Historically, implementing an active learning pipeline has been something only within reach for corporations with large budgets for ML and MLOps teams. Even then, it is no trivial task, as it requires either:

1. Developing custom in-house dev tools,
2. Patching together currently available tools, or
3. A mixture of both

The release of Data Engine, however, enables even single developers to implement an active learning pipeline in short order.

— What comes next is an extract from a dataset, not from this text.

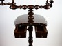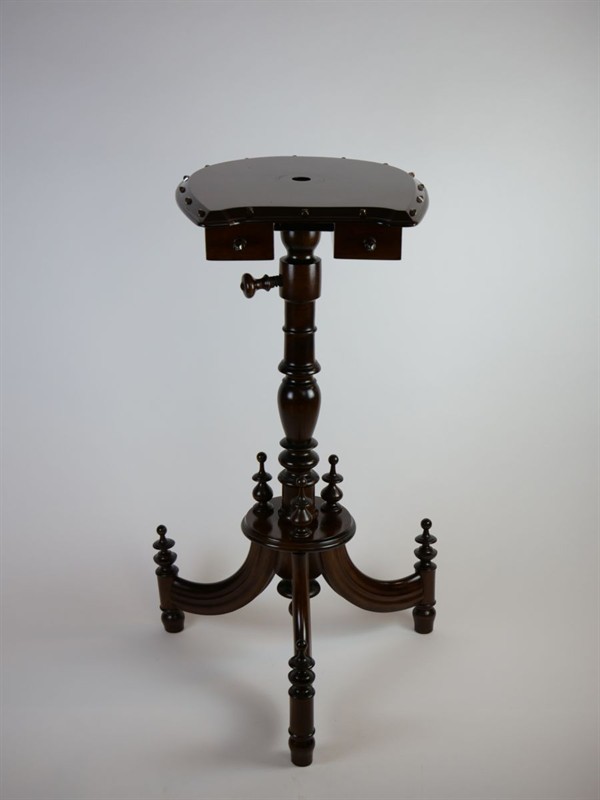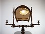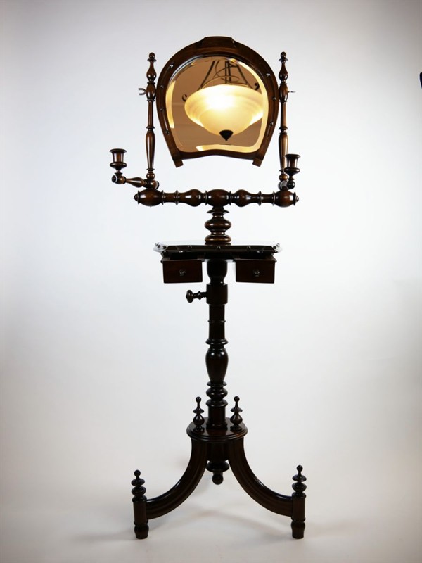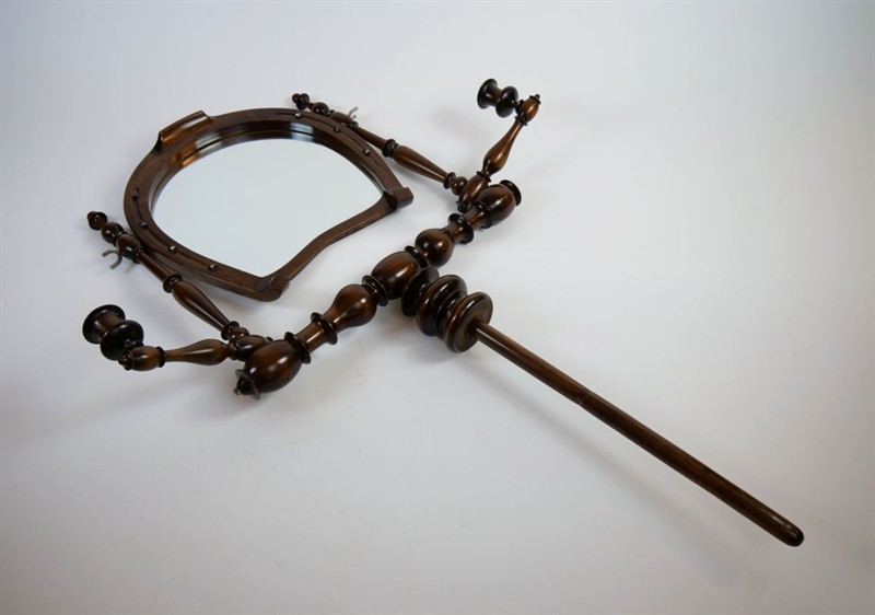 malá dřevěná rozkládací polohovací toaletka s vyklápěcím zrcadlem ve tvaru koňské podkovy s ozdobnými hřeby, podobně je ve tvaru podkovy provedená odkládací část se dvěma šuplíčky, ořechový masiv, střední Evropa, kolem roku 1890, u zrcadla dva pohyblivé stojánky na svíčky; výška 138 cm, šířka 47 cm; povrchově ošetřeno přírodní šelakovou politurou; sběratelsky zajímavé, především pro příznivce jezdectví a chovu koní

This post talks about various things you should consider when setting up an active learning pipeline. As reference, you can see a complete active learning pipeline in a Jupyter Notebook, created using Data Engine in the Tooth Fairy project. This project is a case study, where we worked with a domain expert to create a model which could segment teeth in dental x-rays.

What is Active Learning?

Active learning is semi-supervised learning with a human-in-the-loop. The main difference to standard supervised learning is that rather than having humans label all training data, an algorithm or model chooses which data should be labeled.

Why Active Learning?

The big appeal of using active learning is training more accurate models using less data.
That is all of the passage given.